#### THE DATA
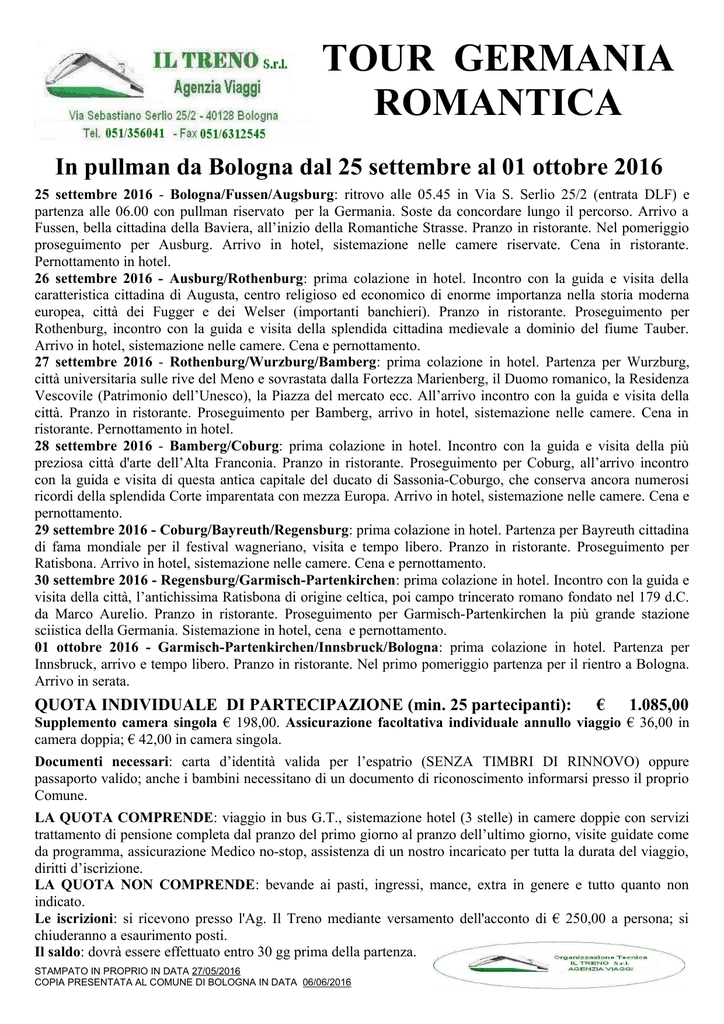 TOUR GERMANIA ROMANTICA In pullman da Bologna dal 25 settembre al 01 ottobre 2016 25 settembre 2016 - Bologna/Fussen/Augsburg: ritrovo alle 05.45 in Via S. Serlio 25/2 (entrata DLF) e partenza alle 06.00 con pullman riservato per la Germania. Soste da concordare lungo il percorso. Arrivo a Fussen, bella cittadina della Baviera, all’inizio della Romantiche Strasse. Pranzo in ristorante. Nel pomeriggio proseguimento per Ausburg. Arrivo in hotel, sistemazione nelle camere riservate. Cena in ristorante. Pernottamento in hotel. 26 settembre 2016 - Ausburg/Rothenburg: prima colazione in hotel. Incontro con la guida e visita della caratteristica cittadina di Augusta, centro religioso ed economico di enorme importanza nella storia moderna europea, città dei Fugger e dei Welser (importanti banchieri). Pranzo in ristorante. Proseguimento per Rothenburg, incontro con la guida e visita della splendida cittadina medievale a dominio del fiume Tauber. Arrivo in hotel, sistemazione nelle camere. Cena e pernottamento. 27 settembre 2016 - Rothenburg/Wurzburg/Bamberg: prima colazione in hotel. Partenza per Wurzburg, città universitaria sulle rive del Meno e sovrastata dalla Fortezza Marienberg, il Duomo romanico, la Residenza Vescovile (Patrimonio dell’Unesco), la Piazza del mercato ecc. All’arrivo incontro con la guida e visita della città. Pranzo in ristorante. Proseguimento per Bamberg, arrivo in hotel, sistemazione nelle camere. Cena in ristorante. Pernottamento in hotel. 28 settembre 2016 - Bamberg/Coburg: prima colazione in hotel. Incontro con la guida e visita della più preziosa città d'arte dell’Alta Franconia. Pranzo in ristorante. Proseguimento per Coburg, all’arrivo incontro con la guida e visita di questa antica capitale del ducato di Sassonia-Coburgo, che conserva ancora numerosi ricordi della splendida Corte imparentata con mezza Europa. Arrivo in hotel, sistemazione nelle camere. Cena e pernottamento. 29 settembre 2016 - Coburg/Bayreuth/Regensburg: prima colazione in hotel. Partenza per Bayreuth cittadina di fama mondiale per il festival wagneriano, visita e tempo libero. Pranzo in ristorante. Proseguimento per Ratisbona. Arrivo in hotel, sistemazione nelle camere. Cena e pernottamento. 30 settembre 2016 - Regensburg/Garmisch-Partenkirchen: prima colazione in hotel. Incontro con la guida e visita della città, l’antichissima Ratisbona di origine celtica, poi campo trincerato romano fondato nel 179 d.C. da Marco Aurelio. Pranzo in ristorante. Proseguimento per Garmisch-Partenkirchen la più grande stazione sciistica della Germania. Sistemazione in hotel, cena e pernottamento. 01 ottobre 2016 - Garmisch-Partenkirchen/Innsbruck/Bologna: prima colazione in hotel. Partenza per Innsbruck, arrivo e tempo libero. Pranzo in ristorante. Nel primo pomeriggio partenza per il rientro a Bologna. Arrivo in serata. QUOTA INDIVIDUALE DI PARTECIPAZIONE (min. 25 partecipanti): € 1.085,00 Supplemento camera singola € 198,00. Assicurazione facoltativa individuale annullo viaggio € 36,00 in camera doppia; € 42,00 in camera singola. Documenti necessari: carta d’identità valida per l’espatrio (SENZA TIMBRI DI RINNOVO) oppure passaporto valido; anche i bambini necessitano di un documento di riconoscimento informarsi presso il proprio Comune. LA QUOTA COMPRENDE: viaggio in bus G.T., sistemazione hotel (3 stelle) in camere doppie con servizi trattamento di pensione completa dal pranzo del primo giorno al pranzo dell’ultimo giorno, visite guidate come da programma, assicurazione Medico no-stop, assistenza di un nostro incaricato per tutta la durata del viaggio, diritti d’iscrizione. LA QUOTA NON COMPRENDE: bevande ai pasti, ingressi, mance, extra in genere e tutto quanto non indicato. Le iscrizioni: si ricevono presso l'Ag. Il Treno mediante versamento dell'acconto di € 250,00 a persona; si chiuderanno a esaurimento posti. Il saldo: dovrà essere effettuato entro 30 gg prima della partenza. STAMPATO IN PROPRIO IN DATA 27/05/2016 COPIA PRESENTATA AL COMUNE DI BOLOGNA IN DATA 06/06/2016
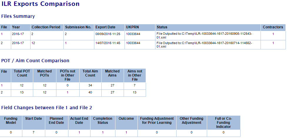 Note that where a row in an ILR entity is in one file but not the other, only fields in that entity that have a value entered are counted as a change. For example, if a learning delivery row is in file 1 but not file 2 and the actual end date is not entered in file 1, actual end date would not show as having a change for that row (essentially because there is nothing to show for it). Fields on that row where data is entered would show as a change, though.
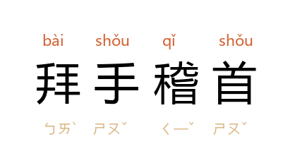 ⒈ 拜手:作揖;稽首:古时的一种跪拜礼,叩头至地,是九拜中最恭敬的。用于书信向对方表示敬意。
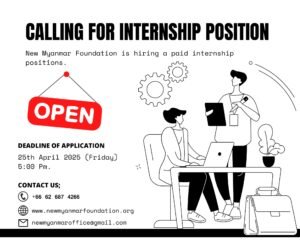 နယူးမြန်မာဖောင်ဒေးရှင်း (New Myanmar Foundation) ၏ စိတ်ခံစားမှုနှင့် လူမှုဘဝဝန်းကျင်ကျန်းမာပျော်ရွှင်ခြင်း အပြန်အလှန်လွှမ်းမှုပိုင်ဆိုင်ရာ လုပ်ငန်းအစီအစဉ် 𝐌𝐇𝐏𝐒𝐒 𝐏𝐫𝐨𝐠𝐫𝐚𝐦) အတွက် အကြံပေးသူ (𝐂𝐨𝐮𝐧𝐬𝐞𝐥𝐨𝐫) ခေါ်ယူခြင်း April 23, 2025 Read More »
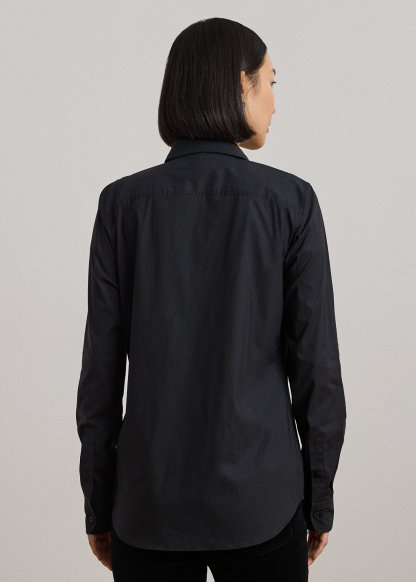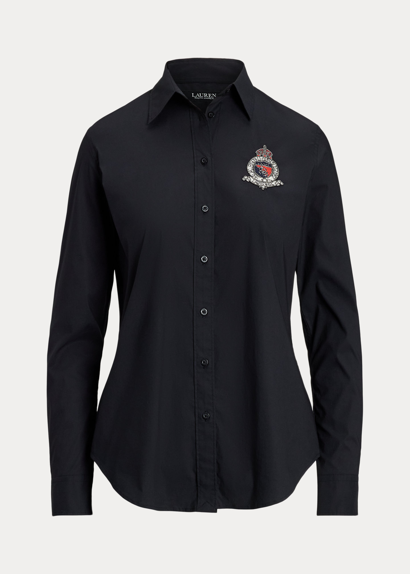 - Point collar. Buttoned placket. “Lauren Ralph Lauren”–engraved buttons.
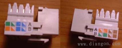 答案: 按B类做,根据上面提示的颜色,把网线相对应颜色的线用打线钳卡下去。 这样就可以了,然后有电脑测试一下,基本上就可以了 网线模块制作 几种网线的水晶头接法图解 我按了这普通 “正常的”网线模块,像以下的这种的顺序来按,也是不通,显示没插入网线..测了好几次,后来我同事昨天去看一下,也搞了很久,2个小时左右回来了,我问 他怎么搞的,他说要相反就通了...没什么注明的。。单单一个模块的(空白的,生产商也太简便了一点吧)。。。我晕了,大家以后要买网线模块就买以下介绍 的这种哈(这种是比较正规的)。哈哈 网线模块制作开始: 先来认识一下网线模块,这个就是装在家里网线插座后面的模块 ,左右两面,上面A、B表示的是两种不同的打线方式,任选一种即可。
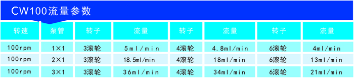 | CW100-四滾輪1通道 | 蠕動(dòng)泵 | 1通道 | 0.1-100rpm | 0.004-36ml/min |
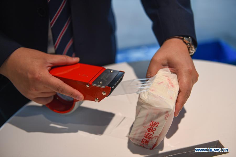 A staff member packs a piece of offshore duty-free good at a duty-free shopping mall in Haikou, south China's Hainan Province, Feb. 14, 2021. Offshore duty-free sales in China's island province of Hainan reached 997 million yuan (about 154.4 million U.S. dollars) during the 2021 Spring Festival holiday, an increase of 261 percent year on year, according to the data from Haikou Customs. (Xinhua/Pu Xiaoxu)

#### DIRECTIONS
Retype word for word all the material given above, and keep the pictures out.

#### YOUR SOLUTION
 TOUR GERMANIA ROMANTICA In pullman da Bologna dal 25 settembre al 01 ottobre 2016 25 settembre 2016 - Bologna/Fussen/Augsburg: ritrovo alle 05.45 in Via S. Serlio 25/2 (entrata DLF) e partenza alle 06.00 con pullman riservato per la Germania. Soste da concordare lungo il percorso. Arrivo a Fussen, bella cittadina della Baviera, all’inizio della Romantiche Strasse. Pranzo in ristorante. Nel pomeriggio proseguimento per Ausburg. Arrivo in hotel, sistemazione nelle camere riservate. Cena in ristorante. Pernottamento in hotel. 26 settembre 2016 - Ausburg/Rothenburg: prima colazione in hotel. Incontro con la guida e visita della caratteristica cittadina di Augusta, centro religioso ed economico di enorme importanza nella storia moderna europea, città dei Fugger e dei Welser (importanti banchieri). Pranzo in ristorante. Proseguimento per Rothenburg, incontro con la guida e visita della splendida cittadina medievale a dominio del fiume Tauber. Arrivo in hotel, sistemazione nelle camere. Cena e pernottamento. 27 settembre 2016 - Rothenburg/Wurzburg/Bamberg: prima colazione in hotel. Partenza per Wurzburg, città universitaria sulle rive del Meno e sovrastata dalla Fortezza Marienberg, il Duomo romanico, la Residenza Vescovile (Patrimonio dell’Unesco), la Piazza del mercato ecc. All’arrivo incontro con la guida e visita della città. Pranzo in ristorante. Proseguimento per Bamberg, arrivo in hotel, sistemazione nelle camere. Cena in ristorante. Pernottamento in hotel. 28 settembre 2016 - Bamberg/Coburg: prima colazione in hotel. Incontro con la guida e visita della più preziosa città d'arte dell’Alta Franconia. Pranzo in ristorante. Proseguimento per Coburg, all’arrivo incontro con la guida e visita di questa antica capitale del ducato di Sassonia-Coburgo, che conserva ancora numerosi ricordi della splendida Corte imparentata con mezza Europa. Arrivo in hotel, sistemazione nelle camere. Cena e pernottamento. 29 settembre 2016 - Coburg/Bayreuth/Regensburg: prima colazione in hotel. Partenza per Bayreuth cittadina di fama mondiale per il festival wagneriano, visita e tempo libero. Pranzo in ristorante. Proseguimento per Ratisbona. Arrivo in hotel, sistemazione nelle camere. Cena e pernottamento. 30 settembre 2016 - Regensburg/Garmisch-Partenkirchen: prima colazione in hotel. Incontro con la guida e visita della città, l’antichissima Ratisbona di origine celtica, poi campo trincerato romano fondato nel 179 d.C. da Marco Aurelio. Pranzo in ristorante. Proseguimento per Garmisch-Partenkirchen la più grande stazione sciistica della Germania. Sistemazione in hotel, cena e pernottamento. 01 ottobre 2016 - Garmisch-Partenkirchen/Innsbruck/Bologna: prima colazione in hotel. Partenza per Innsbruck, arrivo e tempo libero. Pranzo in ristorante. Nel primo pomeriggio partenza per il rientro a Bologna. Arrivo in serata. QUOTA INDIVIDUALE DI PARTECIPAZIONE (min. 25 partecipanti): € 1.085,00 Supplemento camera singola € 198,00. Assicurazione facoltativa individuale annullo viaggio € 36,00 in camera doppia; € 42,00 in camera singola. Documenti necessari: carta d’identità valida per l’espatrio (SENZA TIMBRI DI RINNOVO) oppure passaporto valido; anche i bambini necessitano di un documento di riconoscimento informarsi presso il proprio Comune. LA QUOTA COMPRENDE: viaggio in bus G.T., sistemazione hotel (3 stelle) in camere doppie con servizi trattamento di pensione completa dal pranzo del primo giorno al pranzo dell’ultimo giorno, visite guidate come da programma, assicurazione Medico no-stop, assistenza di un nostro incaricato per tutta la durata del viaggio, diritti d’iscrizione. LA QUOTA NON COMPRENDE: bevande ai pasti, ingressi, mance, extra in genere e tutto quanto non indicato. Le iscrizioni: si ricevono presso l'Ag. Il Treno mediante versamento dell'acconto di € 250,00 a persona; si chiuderanno a esaurimento posti. Il saldo: dovrà essere effettuato entro 30 gg prima della partenza. STAMPATO IN PROPRIO IN DATA 27/05/2016 COPIA PRESENTATA AL COMUNE DI BOLOGNA IN DATA 06/06/2016
 Note that where a row in an ILR entity is in one file but not the other, only fields in that entity that have a value entered are counted as a change. For example, if a learning delivery row is in file 1 but not file 2 and the actual end date is not entered in file 1, actual end date would not show as having a change for that row (essentially because there is nothing to show for it). Fields on that row where data is entered would show as a change, though.
 ⒈ 拜手:作揖;稽首:古时的一种跪拜礼,叩头至地,是九拜中最恭敬的。用于书信向对方表示敬意。
 နယူးမြန်မာဖောင်ဒေးရှင်း (New Myanmar Foundation) ၏ စိတ်ခံစားမှုနှင့် လူမှုဘဝဝန်းကျင်ကျန်းမာပျော်ရွှင်ခြင်း အပြန်အလှန်လွှမ်းမှုပိုင်ဆိုင်ရာ လုပ်ငန်းအစီအစဉ် 𝐌𝐇𝐏𝐒𝐒 𝐏𝐫𝐨𝐠𝐫𝐚𝐦) အတွက် အကြံပေးသူ (𝐂𝐨𝐮𝐧𝐬𝐞𝐥𝐨𝐫) ခေါ်ယူခြင်း April 23, 2025 Read More »
 - Point collar. Buttoned placket. “Lauren Ralph Lauren”–engraved buttons.
 答案: 按B类做,根据上面提示的颜色,把网线相对应颜色的线用打线钳卡下去。 这样就可以了,然后有电脑测试一下,基本上就可以了 网线模块制作 几种网线的水晶头接法图解 我按了这普通 “正常的”网线模块,像以下的这种的顺序来按,也是不通,显示没插入网线..测了好几次,后来我同事昨天去看一下,也搞了很久,2个小时左右回来了,我问 他怎么搞的,他说要相反就通了...没什么注明的。。单单一个模块的(空白的,生产商也太简便了一点吧)。。。我晕了,大家以后要买网线模块就买以下介绍 的这种哈(这种是比较正规的)。哈哈 网线模块制作开始: 先来认识一下网线模块,这个就是装在家里网线插座后面的模块 ,左右两面,上面A、B表示的是两种不同的打线方式,任选一种即可。
 | CW100-四滾輪1通道 | 蠕動(dòng)泵 | 1通道 | 0.1-100rpm | 0.004-36ml/min |
 A staff member packs a piece of offshore duty-free good at a duty-free shopping mall in Haikou, south China's Hainan Province, Feb. 14, 2021. Offshore duty-free sales in China's island province of Hainan reached 997 million yuan (about 154.4 million U.S. dollars) during the 2021 Spring Festival holiday, an increase of 261 percent year on year, according to the data from Haikou Customs. (Xinhua/Pu Xiaoxu)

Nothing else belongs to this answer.